I have the following questions:

"Using big-Oh notation, give the running time of inserting the integers 1, 2, 3, · · · , n into an initially empty min heap in the order 1, 2, 3, · · · , n."

"Using big-Oh notation, give the running time of inserting the integers 1, 2, 3, · · · , n into an initially empty min heap in the order n, n-1, n-2,...2, 1."

"Using big-Oh notation, give the running time of inserting integers 1, 2, 3, · · · , 2n in the order 1, n+1, 2, n+2, 3, n+3, · · · , n−1, 2n−1, n, 2n. E.g., if n = 4, then the order of insertions would be 1, 5, 2, 6, 3, 7, 4, 8."
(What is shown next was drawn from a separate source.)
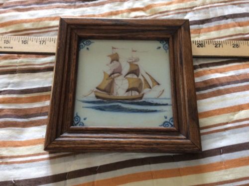 antique framed blue and Tan Ship tiles hand painted Netherlands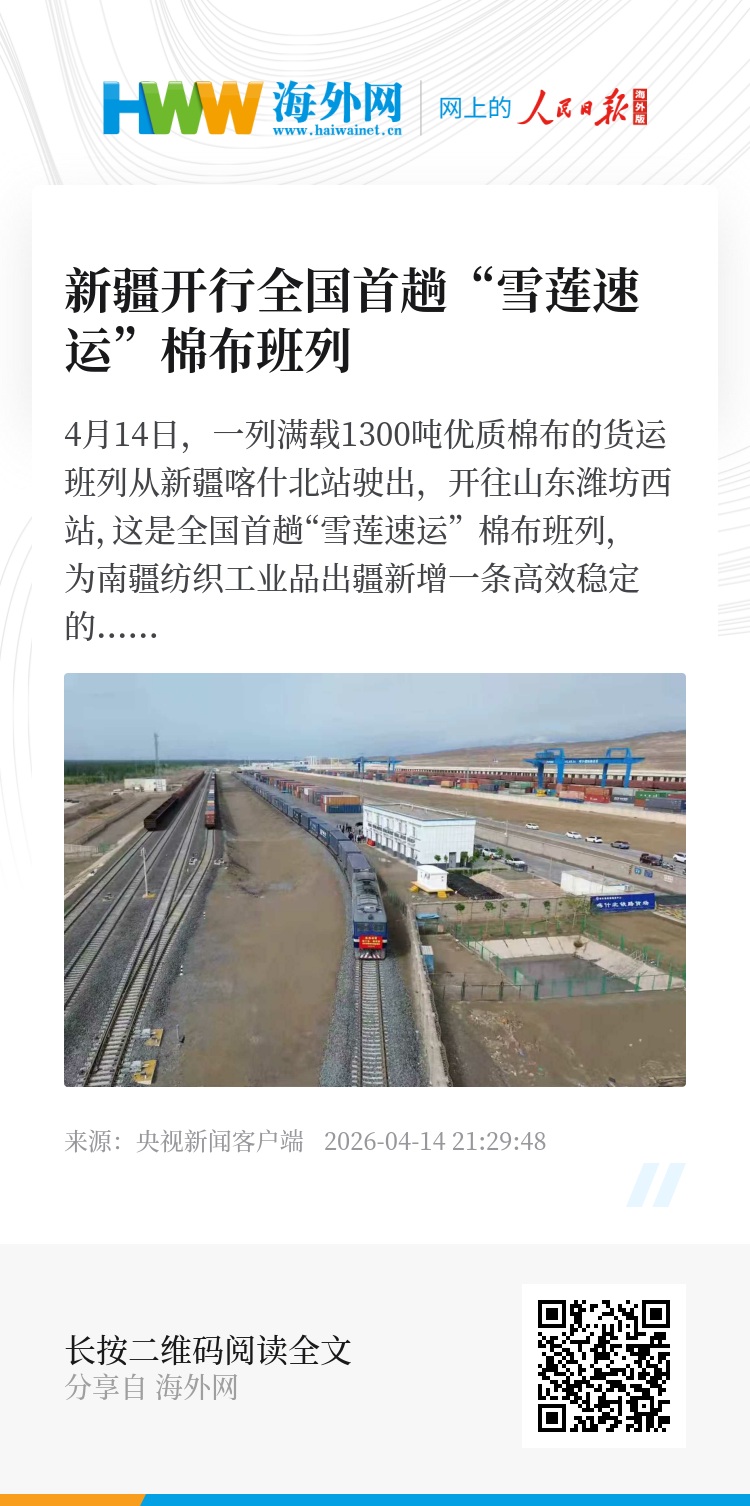 4月14日,一列满载1300吨优质棉布的货运班列从新疆喀什北站驶出,开往山东潍坊西站,这是全国首趟“雪莲速运” 棉布班列,为南疆纺织工业品出疆新增一条高效稳定的常态化铁路物流通道。

How do I tackle these problems? Is there a simple way to determine running time/big oh notation based on whats inserted?


Solution

  • For min heap you add new element to an end of heap, and push it up, if its smaller than parent, hence:

    1. You add bigger element each time so you do not push anything up so each time you do O(1), and overall is n*O(1)
    2. You add each time smaller element that was on heap before, so you need to bubble it up till the peak, so each time you execute O(log n), so overall is n*O(log n).
    3. In last example you have combined cases 1 and 2, so once you execute O(logn) insretion and once O(1), so overall is sth like: n/2*O(logn) + n/2*O(1).